Le gouvernement français lance « Origin’info », un logo destiné à informer les consommateurs sur l’origine des matières premières des produits transformés, renforçant ainsi la transparence.

Une première en Europe. La ministre déléguée au Commerce, Olivia Grégoire, a annoncé la création d’un nouveau logo, « Origin’info », qui sera apposé sur les produits transformés pour permettre aux consommateurs de connaître l’origine géographique des principales matières premières. Ce logo, de couleur bleue ou noire, sera visible directement sur l’emballage ou consultable via un QR Code.

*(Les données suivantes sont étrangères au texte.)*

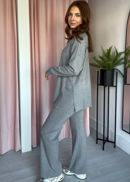 We really can't begin to tell you how versatile this beautiful lounge set is.  The long tunic style drop shoulder jumper with beautiful turtle neck and side splits just skims, definitely no cling!  The boot leg knitted trousers just say laid back luxe. Both pieces can be worn separately, the tunic jumper would look great with jeans or a silky slip skirt, whilst the wide leg trousers would be great with our basic t-shirt and a long soft cardigan.

Cette initiative s’inscrit dans une démarche progressive de transparence sur l’origine des produits de consommation. Depuis 2007, les fruits et légumes, et depuis 2011, les viandes emballées, doivent indiquer leur origine. « C’est le sens de l’histoire », a déclaré Olivia Grégoire, soulignant que « le prix » et « l’origine géographique des produits » sont les « deux éléments saillants qui déterminent l’acte d’achat » pour plus de 80% des consommateurs.

Les trois principales matières premières d’un produit transformé, telles que le blé, la viande, les fruits, les légumes et le sucre, devront ainsi être indiquées avec leur pays d’origine. Bien que l’affichage de ce nouveau logo ne soit pas obligatoire pour les entreprises, celles qui souhaitent l’adopter devront ratifier une charte. Selon Olivia Grégoire, au moins 80 marques, incluant l’ensemble de la grande distribution, ont déjà signé cette charte, ce qui représente au minimum 10 000 produits.

Le gouvernement espère étendre ce logo à l’échelle européenne et souhaite qu’il devienne obligatoire pour toutes les entreprises, afin d’assurer une plus grande transparence pour les consommateurs.